This section is from the book "The Dinner Year-Book", by Marion Harland. See also: Rachael Ray 365: No Repeats - A Year of Deliciously Different Dinners.
Irish Broth.
Cotelettes a la Reine.
Savory Bread Pudding.
Stewed Apples, with Cream and Cake.
Strain off as much soup from the stock-pot as you need for to day. Heat and skim; stir in a large cupful of mashed potato, rubbed through a colander; season to taste; simmer ten minutes, and add a great spoonful of butter rolled in flour. Boil up fairly, and serve.

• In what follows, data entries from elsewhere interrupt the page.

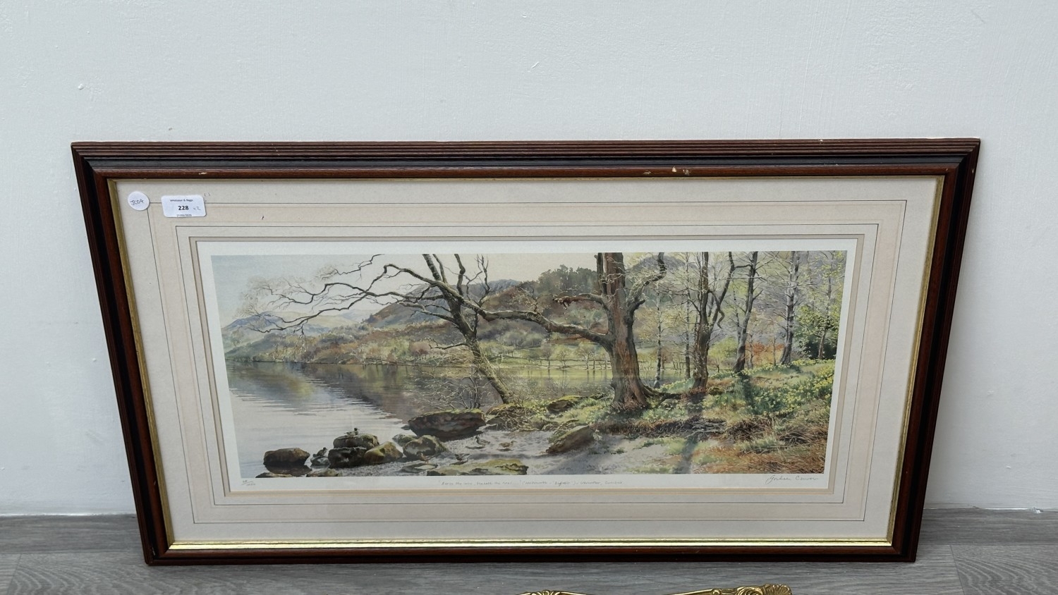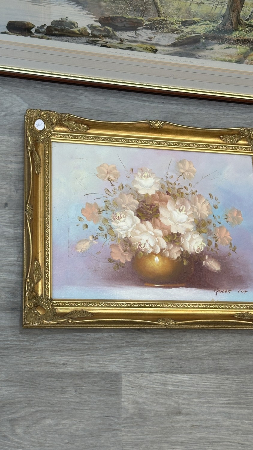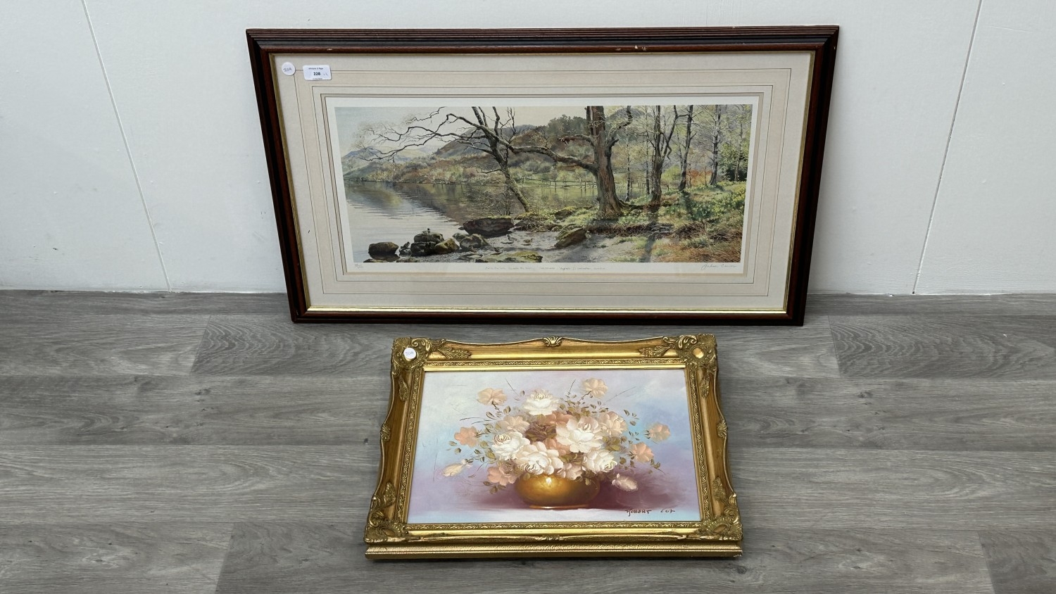 Two framed pictures, one gilt framed floral still life oil on canvas - approx. 40cm high x 49cm wide and one Graham Carver pencil signed limited edition 28/450 print titled 'Beside the lake, beneath the trees...' - approx. 50cm high x 82cm wide
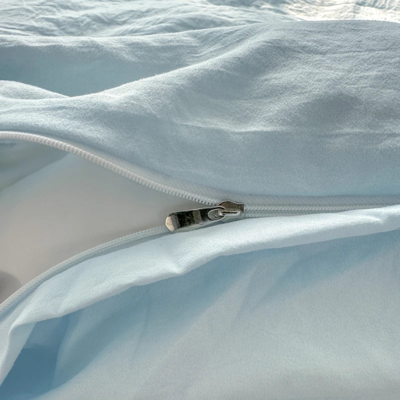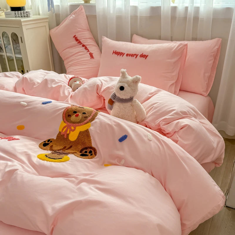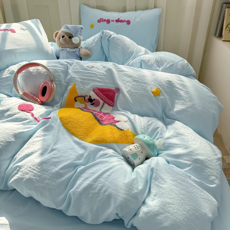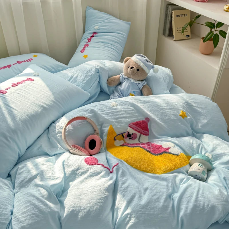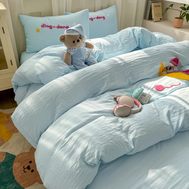 Bedding Set Ins Cute Blue embroidery Mixed With Washed Cotton Minimalist Four Piece Set Fitted Sheets Duvet Cover
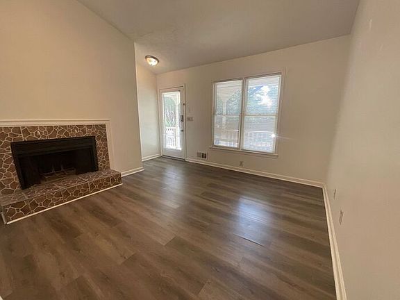 This 3-bedroom, 2-bathroom home offers comfort and convenience in a well-maintained quadplex. Enjoy off-street parking and a shared covered front porch for a welcoming entrance. Out back, relax or entertain on your own deck. Inside, the home features durable LVP flooring throughout and a spacious living room highlighted by a cozy fireplace. The kitchen boasts stainless steel appliances, dark cabinetry, and flows seamlessly into the dining area with direct access to the back deck. The bedrooms are generously sized with ample closet space, while the bathrooms include stand-up showers for modern convenience. With its practical layout, stylish finishes, and private outdoor space, this home is a great find in a convenient Conyers location.
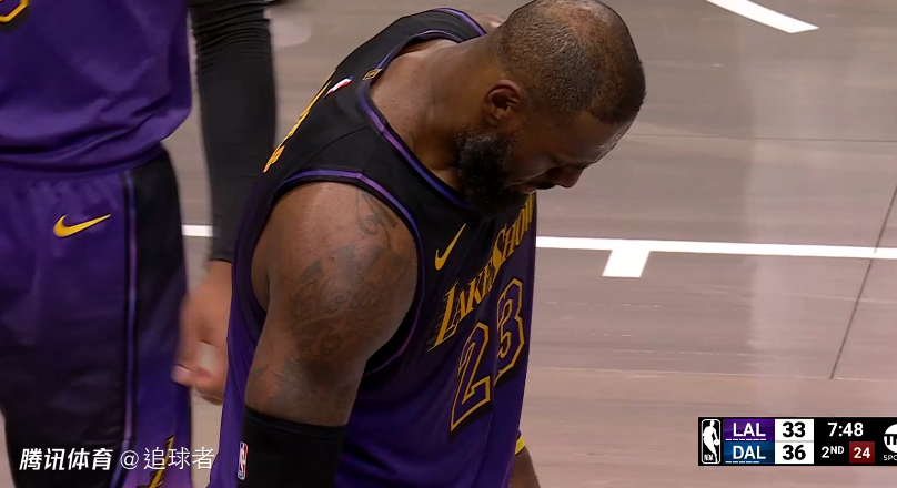 第二节,湖人3-10被反超后再次反扑,可湖人才反超6分就陷入得分荒,上半场最后2分59秒湖人全队一分未得,被独行侠打出11-0的攻势,半场打完湖人50-55落后5分;这一节詹姆斯3投0中,仅靠突破造犯规罚球拿到2分,肩膀被对手抓破了,临时接受止血治疗。

Cut thick slices of the most nearly underdone portions of your roast mutton. Divide into neat squares about three inches across; dip each in thick drawn butter, in which the yolks of two eggs have been cooked. Lay the cutlets to cool upon a broad dish. When the creamy coating is cold and firm, roll each in pounded cracker, and fry - a few at a time - in hot lard or dripping. As each is lightly browned, take up with a skimmer, and drain off the fat. Arrange in a dish, overlapping one another.
Pare; cut into dice; throw into cold water, and leave there half an hour. Put on to cook in boiling salted water; stew twenty minutes. Drain off most of the water, and fill up with cold milk. When this boils, stir in a lump of butter rolled in flour, with chopped parsley. Cook gently five minutes longer.
Soak two cups of bread-crumbs in a cupful of yesterday's gravy, diluted with a little of your soup-stock. Add a cup of boiling milk, in which a pinch of soda has been stirred; beat to a smooth batter; add half a cupful of minced cold meat, three eggs, pepper, and salt. Pour into a buttered bake-dish, after beating all up light, and bake in a quick oven. Serve in the dish, and pass a little good gravy, or drawn butter, with it.
Put cold beans left from yesterday into a salad-bowl, and pour over it such a dressing as you prepared for Cold Slaw, on Monday, First Week in November.
Pare and core juicy pippins. Put a cupful of water, and one of sugar, into a bake-dish. Lay in the pippins; cover, and cook slowly until clear and tender. They should be turned once while cooking. Set away, still covered, in the bake-dish, to cool, on Saturday. On Monday, put them into a glass dish, and send cream and cake to table with them.